= Pyrimidine metabolism =

Set of biological pathways

Pyrimidine biosynthesis occurs both in the body and through organic synthesis.

==De novo biosynthesis of pyrimidine ==

Summary of pyrimidine nucleotide biosynthesis pathways
| Steps | Enzymes | Products | Notes |
|---|---|---|---|
| 1 | carbamoyl phosphate synthetase II | carbamoyl phosphate | This is the regulated step in the pyrimidine biosynthesis in animals. |
| 2 | aspartic transcarbamoylase (aspartate carbamoyl transferase) | carbamoyl aspartic acid | The phosphate group is replaced with Aspartate. This is the regulated step in the pyrimidine biosynthesis in bacteria. |
| 3 | dihydroorotase | dihydroorotate | Ring formation and Dehydration. |
| 4 | dihydroorotate dehydrogenase (the only mitochondrial enzyme) | orotate | Dihydroorotate then enters the mitochondria where it is oxidized through removal of hydrogens. This is the only mitochondrial step in nucleotide ring biosynthesis. |
| 5 | orotate phosphoribosyltransferase | OMP | PRPP donates a Ribose group. |
| 6 | OMP decarboxylase | UMP | Decarboxylation |
|  | uridine-cytidine kinase 2 | UDP | Phosphorylation. ATP is used. |
|  | nucleoside diphosphate kinase | UTP | Phosphorylation. ATP is used. |
|  | CTP synthase | CTP | Glutamine and ATP are used. |

De novo biosynthesis of a pyrimidine is catalyzed by three gene products: CAD, dihydroorotate dehydrogenase (DHODH) and uridine monophosphate synthetase (UMPS). The first three enzymes of the process are all coded by the same gene, CAD, which consists of carbamoyl phosphate synthetase II, aspartate carbamoyltransferase and dihydroorotase. DHODH, unlike CAD and UMPS, is a mono-functional enzyme and is localized in the mitochondria. UMPS is a bifunctional enzyme consisting of orotate phosphoribosyltransferase (OPRT) and orotidine monophosphate decarboxylase (OMPDC). Both CAD and UMPS are localized around the mitochondria, in the cytosol. In Fungi, a similar protein exists but lacks the dihydroorotase function: another protein catalyzes the second step.

In other organisms (Bacteria, Archaea and the other Eukaryota), the first three steps are done by three different enzymes.

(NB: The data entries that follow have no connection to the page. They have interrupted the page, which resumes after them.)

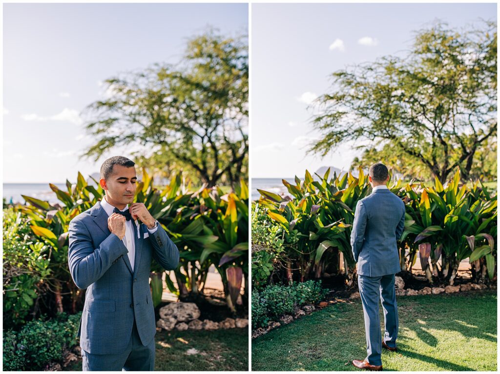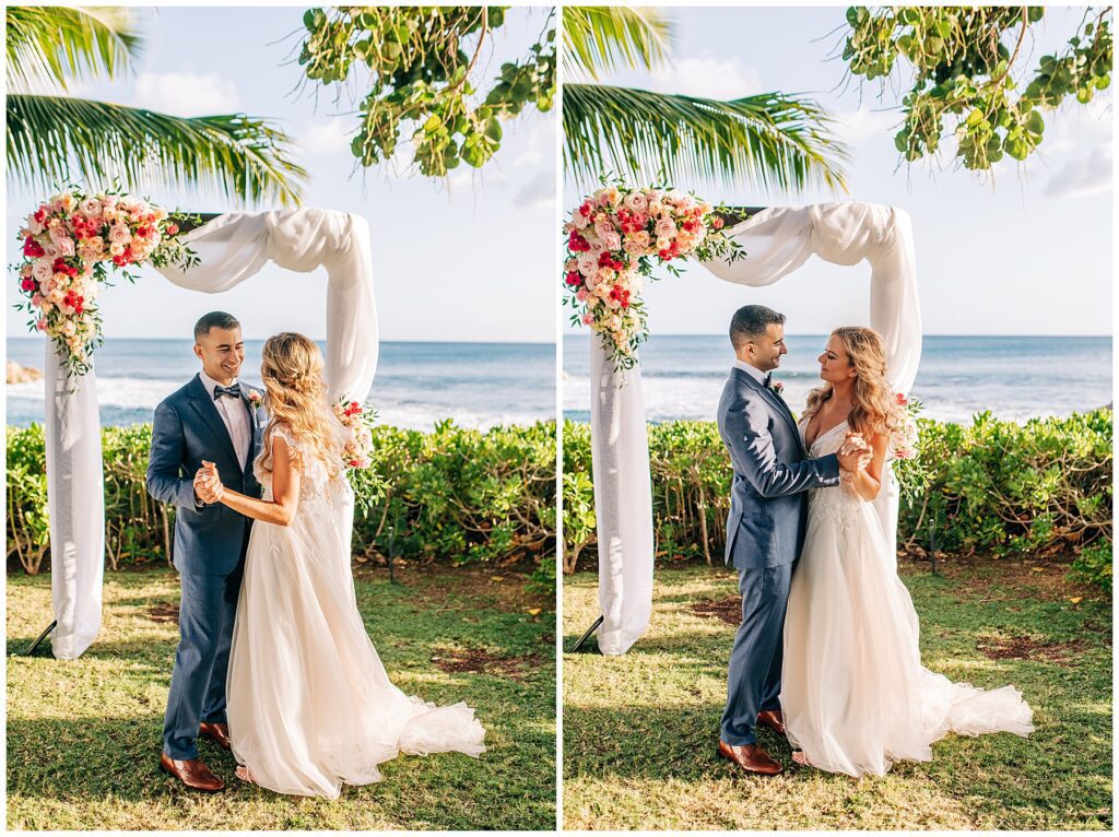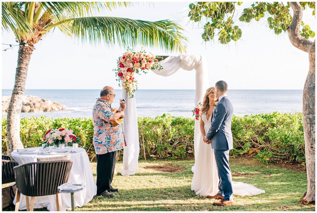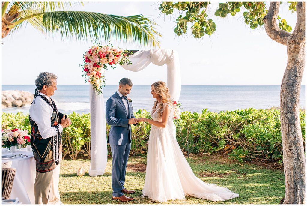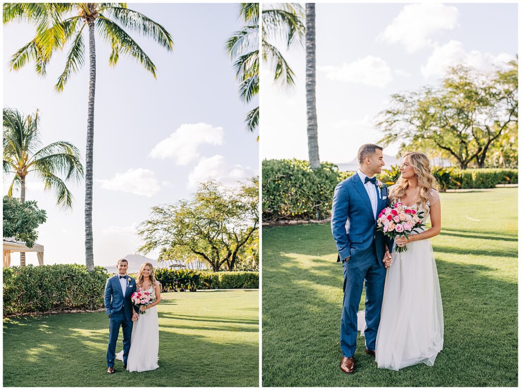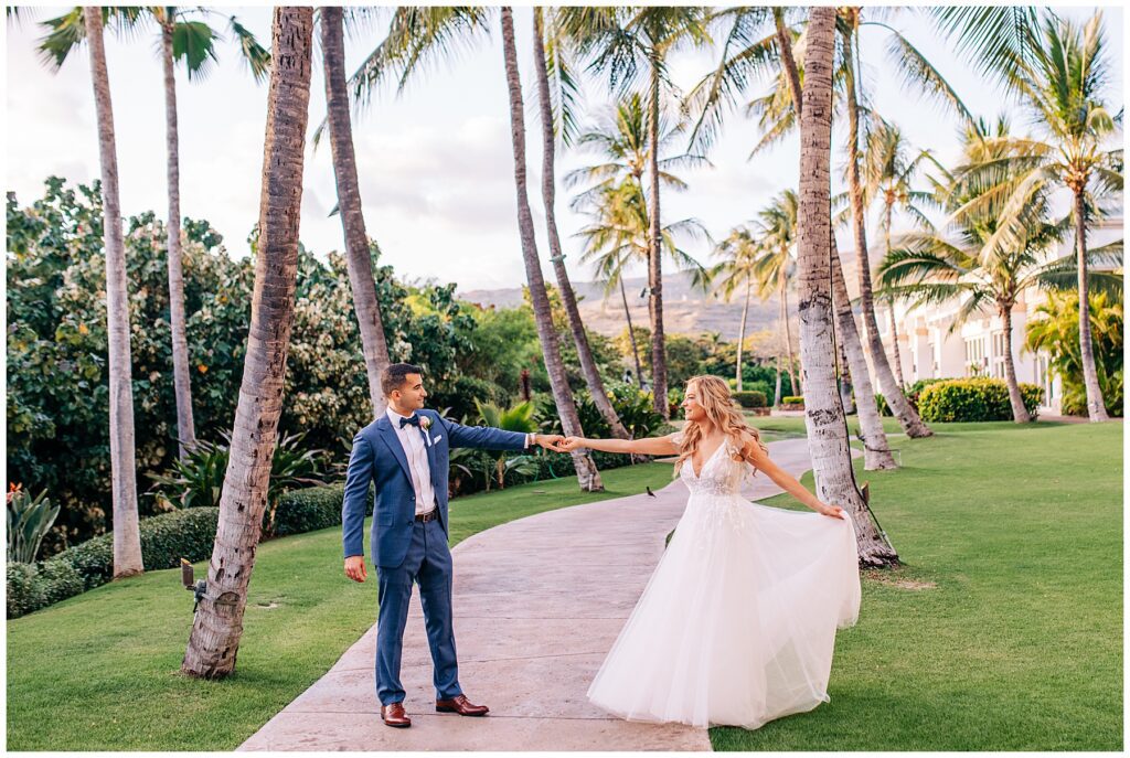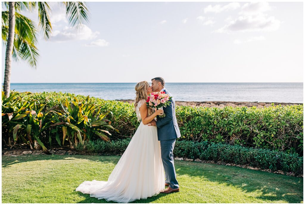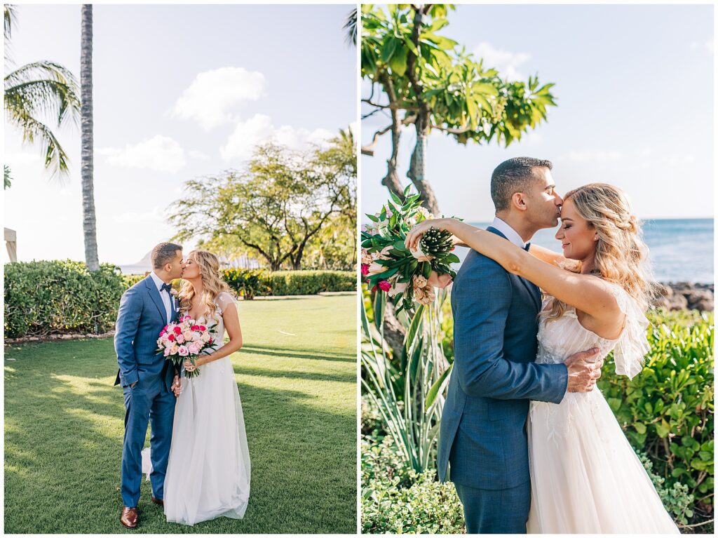 This Four Seasons Resort Elopement was so beautiful to capture and be apart of. I have always wanted to photograph a wedding at the four seasons and I’m so glad that I can now check that off as done. This wedding was very intimate and special for them. It was only those two for the ceremony and I always love when you get to really focus on the time between you and your partner and not worry about the rest of the crazy wedding stuff. We started out with the first look on the grass and it was so special to see that for them. They wanted to get some photos of them before the ceremony, so we went to this special spot that they loved, and got some pictures there. The ceremony was just about to start, so we headed too the area where they were getting married. There was the officiant under the alter waiting and someone singing while playing the ukulele. They got to share their first kiss as husband and wife and couldn’t of been more happier. We ended the night taking photos around the resort at some spots that they wanted photos with. The sun was almost fully set and so we ran out to the beach for last minute beach sunset photos. I was happy to have been apart of this beautiful day.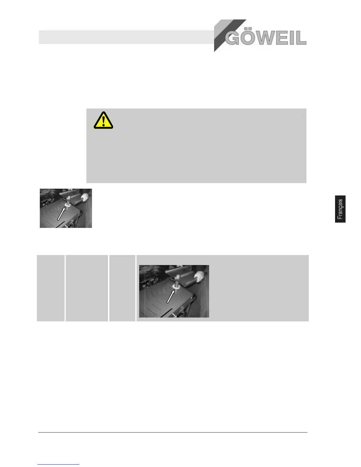 vérifier le bon serrage de tous les vissages desserrés auparavant ;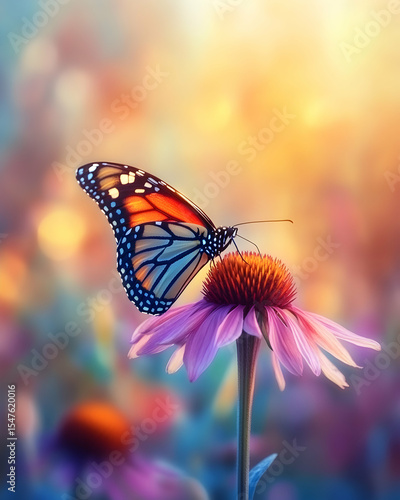 Majestic monarch butterfly delicately perched on a vibrant purple coneflower, bathed in warm sunset light. A breathtaking image showcasing nature's beauty.

== Pyrimidine catabolism ==

Pyrimidines are ultimately catabolized (degraded) to CO_{2}, H_{2}O, and urea. Cytosine can be broken down to uracil, which can be further broken down to N-carbamoyl-β-alanine, and then to beta-alanine, CO_{2}, and ammonia by beta-ureidopropionase. Thymine is broken down into β-aminoisobutyrate which can be further broken down into intermediates eventually leading into the citric acid cycle.

β-aminoisobutyrate acts as a rough indicator for rate of DNA turnover.

=== Regulations of pyrimidine nucleotide biosynthesis ===
Through negative feedback inhibition, the end-products UTP and UDP prevent the enzyme CAD from catalyzing the reaction in animals. Conversely, PRPP and ATP act as positive effectors that enhance the enzyme's activity.

==Pharmacotherapy==
Modulating the pyrimidine metabolism pharmacologically has therapeutical uses, and could implement in cancer treatment.

Pyrimidine synthesis inhibitors are used in active moderate to severe rheumatoid arthritis and psoriatic arthritis, as well as in multiple sclerosis. Examples include Leflunomide and Teriflunomide (the active metabolite of leflunomide).

==Prebiotic synthesis of pyrimidine nucleotides==

In order to understand how life arose, knowledge is required of the chemical pathways that permit formation of the key building blocks of life under plausible prebiotic conditions. The RNA world hypothesis holds that in the primordial soup there existed free-floating pyrimidine and purine ribonucleotides, the fundamental molecules that combine in series to form RNA. Complex molecules such as RNA must have emerged from relatively small molecules whose reactivity was governed by physico-chemical processes. RNA is composed of pyrimidine and purine nucleotides, both of which are necessary for reliable information transfer, and thus natural selection and Darwinian evolution. Becker et al. showed how pyrimidine nucleosides can be synthesized from small molecules and ribose, driven solely by wet-dry cycles.